# Critique my riding (I ask somewhat hesitantly)



## ACinATX (Sep 12, 2018)

I have so few videos of me riding. I'm so glad the instructor today took some. But watching them, I feel like, Pony really is a saint, putting up with my terrible riding. I still bounce terribly at the canter, and look at my terrible hands over the jumps. I don't know why I can't follow his motion in either case.

I just feel like I look so bad. What do you guys think? Any constructive criticism? Any suggestions?


----------



## tinyliny (Oct 31, 2009)

I don't have much advice, since I don't jump. I can see where you feel yourself bumping on Pony's saddle.
But I also see real improvement in 2022 vids, verses 2021 vid.

I dunno, I guess the two things that come to mind are to stay looser in your elbow , meaning allow more movement there, and try to keep more weight down into your feet . There is a feeling of your riding off your knees.
But , to be honest, it's hard to ride a small horse, and all that said, I don't know HOW to help you do those things. There have to be concrete suggestions.

honestly don't be down on yourself. you are riding out there with the donkeys and such and doing great!


----------



## gottatrot (Jan 9, 2011)

First, I noticed a couple of really good things. One is that your balance stayed with the horse, and you were well balanced all the time. Another is that your upper arm stayed with your torso, and that helped the balance too.
I could not see you interfering with your horse at any time. 

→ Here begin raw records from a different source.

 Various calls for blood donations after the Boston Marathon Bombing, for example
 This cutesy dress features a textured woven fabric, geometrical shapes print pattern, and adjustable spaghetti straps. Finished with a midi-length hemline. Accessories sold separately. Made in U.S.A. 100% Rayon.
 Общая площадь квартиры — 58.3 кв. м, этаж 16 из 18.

As far as the bouncing goes, I've seen endurance riders that bounce along for 50 miles or more rather than posting, and if it doesn't bother them or the horse I think that is fine.

If you wanted things to be a little more comfortable and smoother, I would suggest a couple of things. 
One is that I think if you were able to be a little bit looser/relaxed at the hips (not always possible in older riders, so bear that in mind), it would help you push your butt back over the saddle, which would keep you a little more centered and balanced over the horse. This photo shows where it would help:








You don't need to "fold" forward because you are with the horse with your upper body just right. But simply putting more bend in your hips, knees and ankles would help you "squat" a little more over your feet and you would be above the saddle seat instead of pushed forward a bit.
You always sit down appropriately, and I only saw you get slightly left behind once. But it would definitely improve your balance more if you could push your thighs down (as @bsms recently said might be a better way to think of it rather than heels down), and push your calves down the barrel as you rise so your weight went down your leg more.

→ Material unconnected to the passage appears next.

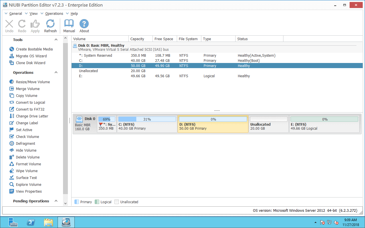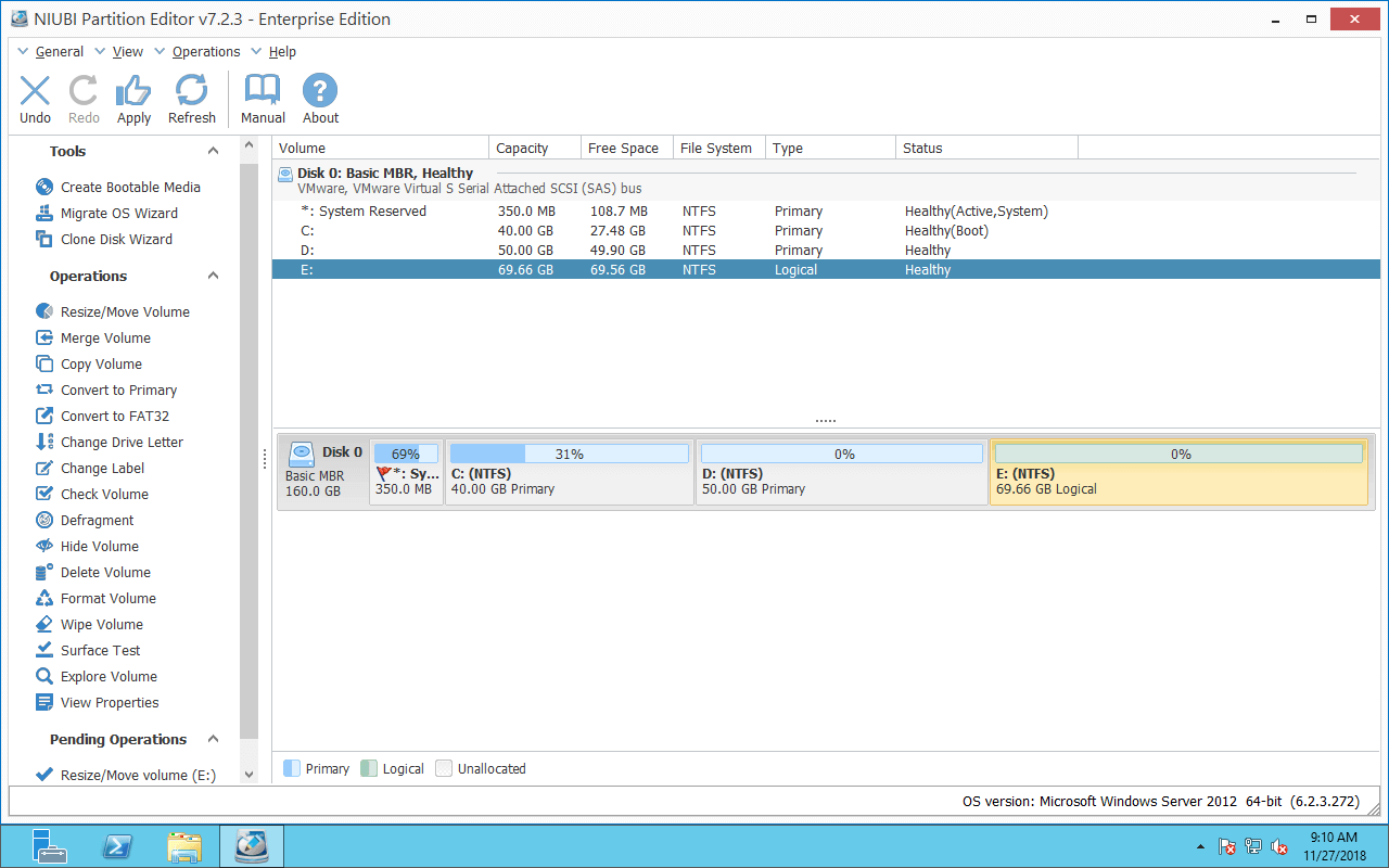 Besides moving partition in Windows Server 2012/2016/2019/2022/2025 and previous Server 2003/2008, NIUBI Partition Editor helps you do many other disk/partition management operations, such as shrink, extend, merge, convert, wipe partition, optimize file system, scan bad sectors.

That also would be the key to less bouncing at the canter, because it would keep your seat and weight slightly off the saddle, so you didn't touch down or hit it with your seat at the canter. Instead, you would take that shock in your legs, and it would be absorbed through your ankle, knee and hip joints.


----------



## Cordillera Cowboy (Jun 6, 2014)

I’m not one to critique jumping equitation. I would say how do you feel, rather than how do you look. That said, you looked at ease, and Pony seemed to take all the jumps and your direction easily.

Do you feel balanced and in control? Out of all of those jumps, I saw only one where you looked as if you got slightly left behind when Pony jumped. All the others, you looked balanced to me.


----------



## Part-Boarder (Aug 17, 2019)

That’s great how you have all the jumps set up in the field - looks super fun to ride. 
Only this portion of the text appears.